En el lugar llamado Puerto-de-Kamosis en memoria del faraón difunto, el gobernador Emheb reforzaba cada día su dispositivo defensivo gracias al ardor de soldados veteranos. En esa magnífica región del Egipto Medio, el coloso pensaba a menudo en su ciudad de Edfú, al sur de Tebas, una ciudad que probablemente nunca volvería a ver.

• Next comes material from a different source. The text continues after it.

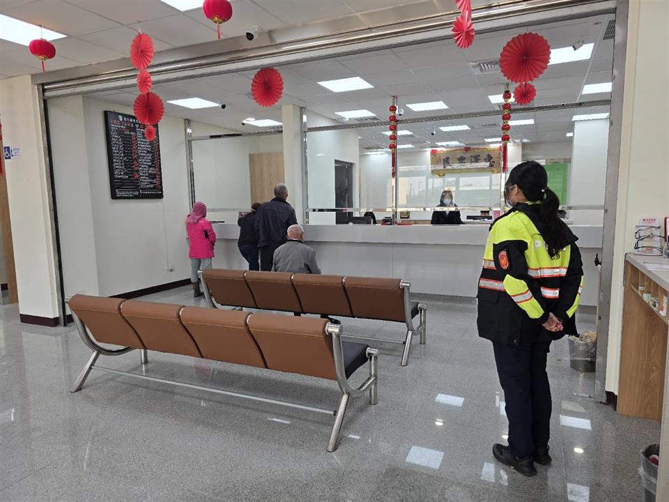 農曆春節將屆,年節前後民眾現金需求大,金融機構及提存大量現金的民眾易成為歹徒覬覦的對象,芳苑分局為維護轄區各金融機構安全維護及民眾提領現款安全,於2月11、12、13、23日,每天8至16時派遣警力於轄區各金融機構駐守,執行「金融機構安全維護及防搶」專案勤務,以防制治安事故發生,讓民眾安心過好年。 芳苑分局分局長黃一航表示,春節前後除了加派警力於各金融機構駐守外,並提供「護鈔」服務,公司行號、民眾若有大額存領款項可向警方請求提供護鈔服務,請民眾多加利用,可直撥「110」或分局服務電話04-8958110或洽當地分駐(派出)所申請亦可。

Aunque la suerte le hubiera sonreído en el frente de Cusae, sin duda acabaría abandonándole, si tanto recurría a ella. Una vez más estaba en primera línea, en compañía de Ahmosis, hijo de Abana, arquero de élite y capitán de navío. Entre ambos, sabían remontar la moral de las tropas en las peores condiciones. Pero cuando había sido informado de los daños infligidos en Tebas por un cataclismo, el vividor de cuello de toro, de anchos hombros e hinchada panza, se había sentado en el umbral de su tienda, pensando que la epopeya de Ahotep corría el peligro de terminar en un desastre.
Si no recibía refuerzos, ¿cómo podría Emheb resistir una ofensiva de la envergadura de los hicsos? El emperador se tomaba tiempo para permitir que Jannas adiestrara un enorme ejército que comenzaría arrasando Menfis, destruiría luego a su paso las bolsas de resistencia —de las cuales, la más importante era la de Puerto-de-Kamosis— y caería, por fin, sobre Tebas, incapaz de defenderse.
—Gobernador —le dijo Ahmosis, hijo de Abana—, nuestros aliados de Menfis acaban de enviarnos estos mensajes del emperador.
Se trataba de una decena de escarabeos de loza y cornalina, todos con el mismo texto, escrito con groseros jeroglíficos y con faltas que no habría cometido un escriba experimentado.
—Transmitámoslos de inmediato a la regente —recomendó Emheb—; este ataque podría resultarnos fatal.